Intel Foundry has just achieved a new milestone with the creation of the world's first and thinnest GaN chiplet, measuring just 19μm.
Intel Foundry Powers Next-Gen Data Centers & Networking With World's Thinnest GaN Chiplet
Intel has brought increased power, speed, and efficiency in a compact space with its latest achievement, the world's thinnest GaN chiplet. Demoed by Intel Foundry, the research team has showcased the first-of-its-kind GaN chiplet made using 300mm GaN-on-silicon wafers, measuring just 19μm thick, and powering the next phase of semiconductors. The following are the main highlights of this achievement:
- Intel Foundry has created the world's thinnest gallium nitride (GaN) chiplet — its base silicon measuring just 19 micrometers (μm) thick — harvested from a 300 millimeter (mm) GaN-on-silicon wafer.¹
- Researchers have successfully combined GaN transistors with traditional silicon-based digital circuits on a single chip, allowing complex computing functions to be built directly into power chiplets without needing separate companion chiplets.
- Rigorous testing confirms that this new GaN chiplet technology is a promising candidate that can meet the reliability standards required for real-world deployment — enabling smaller, more efficient electronics for applications ranging from data centers to next-generation 5G and 6G communications.
Press Release: Researchers at Intel Foundry have demonstrated a first-of-its-kind GaN chiplet technology built on 300 mm GaN-on-silicon wafers, marking a significant leap forward in semiconductor design. Presented at the 2025 IEEE International Electron Devices Meeting (IEDM), this work tackles one of the most pressing challenges in modern computing: how to deliver more power, speed, and efficiency in an increasingly compact space. To meet the demand of graphics processors, servers, and wireless networks for ever-greater performance, the Intel Foundry team developed an ultra-thin GaN chiplet — its base silicon measuring just 19 μm thick, roughly one-fifth the width of a human hair — along with the industry's first fully monolithic on-die digital control circuits, all built using a single integrated manufacturing process.
The demand for this innovation stems from a fundamental tension in modern electronics: the need to pack more capability into tighter spaces while simultaneously handling higher power loads and faster data speeds. Traditional silicon-based technologies are approaching their physical limits, and the industry has been looking to alternative materials like GaN to bridge the gap. Intel Foundry combines the ultra-thin GaN chiplet with on-die digital control circuits — eliminating the need for a separate companion chiplet and reducing the energy lost routing signals between components. Comprehensive reliability testing further demonstrates that this platform is a promising candidate for a real-world product.

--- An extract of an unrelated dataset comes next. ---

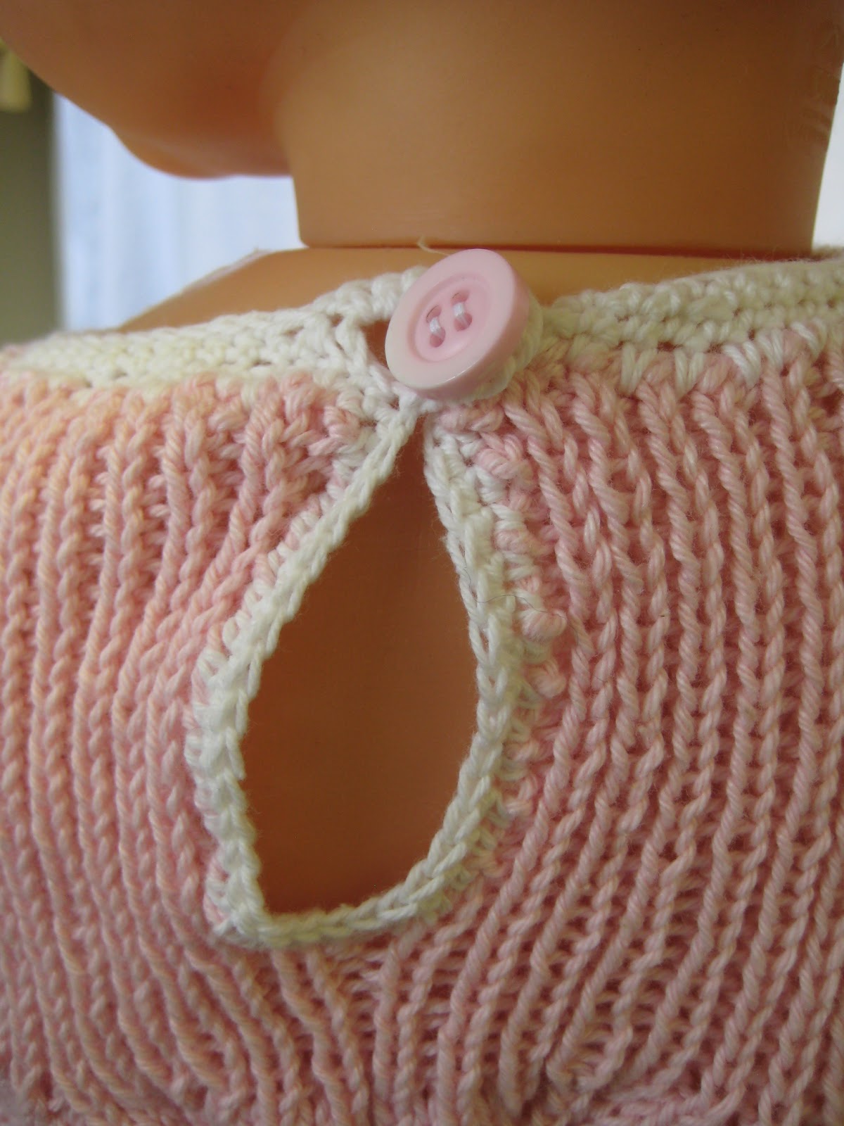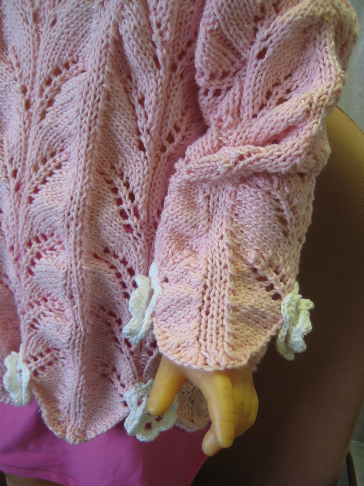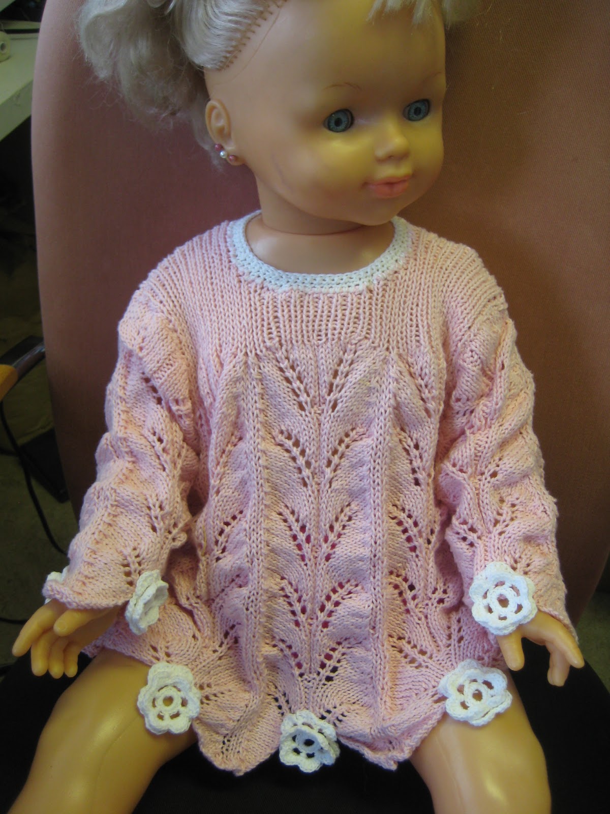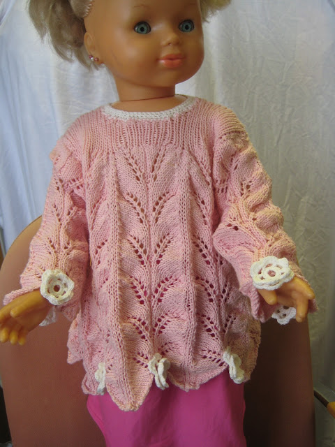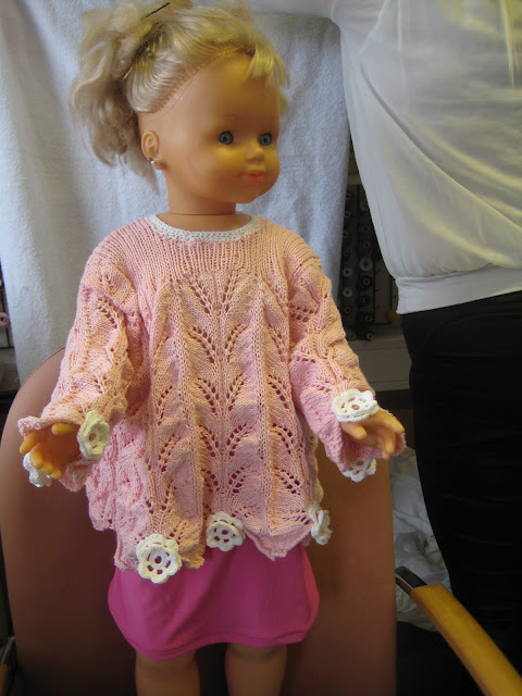 Onhan tässä puserossa ollut kova työ, sillä tuo lanka on kovin ohutta. Lehdessä tämä malli mainitaan kasteasuksi ja pienellä vauvalla tuo meneekin ensin mekkona ja myöhemmin lapsen kasvaessa puserona. Meidän mallimme taitaa olla parivuotias? Hihat tässä on kylläkin aika pitkät, ehkä vauvalle pitäisi keksiä joku kuminauhajuttu…

This technology opens the door to concrete improvements across several industries. In data centers, GaN chiplets could switch faster, losing less energy than silicon alternatives. This would enable voltage regulators that are smaller, more efficient, and positioned closer to the processor, reducing the resistive energy losses that occur over long power routing paths. In wireless infrastructure, the high-frequency performance of GaN transistors makes it a natural candidate for radio frequency (RF) frontend technology, such as base stations used in 5G and 6G systems being developed for the next decade. GaN's ability to operate efficiently at frequencies exceeding 200 GHz positions it well for the centimeter- and millimeter-wave bands on which next-generation networks will rely.¹ Beyond networks, the same capabilities are relevant to radar systems, satellite communications, and photonic applications where fast electrical switching is needed to modulate light signals.
Compared to traditional CMOS-based silicon chips, GaN chiplets offer a compelling combination of advantages that silicon simply cannot match at its physical limits. GaN delivers higher power density, enabling more capable systems in smaller footprints — a critical advantage in space-constrained applications such as point-of-load power delivery for data centers, electric vehicles (essentially a data center on wheels), and wireless base stations. Silicon becomes unreliable at junction temperatures above approximately 150°C, which limits its use in high-heat environments.
GaN's wider bandgap potentially allows it to operate at higher temperatures with greater stability, reducing power losses during switching, and enabling more efficient thermal management, which in turn reduces the size and cost of cooling systems. In addition, Intel Foundry's use of standard 300 mm silicon wafers for GaN production is compatible with current silicon-based manufacturing infrastructure, promising to reduce the requirement for major new investments.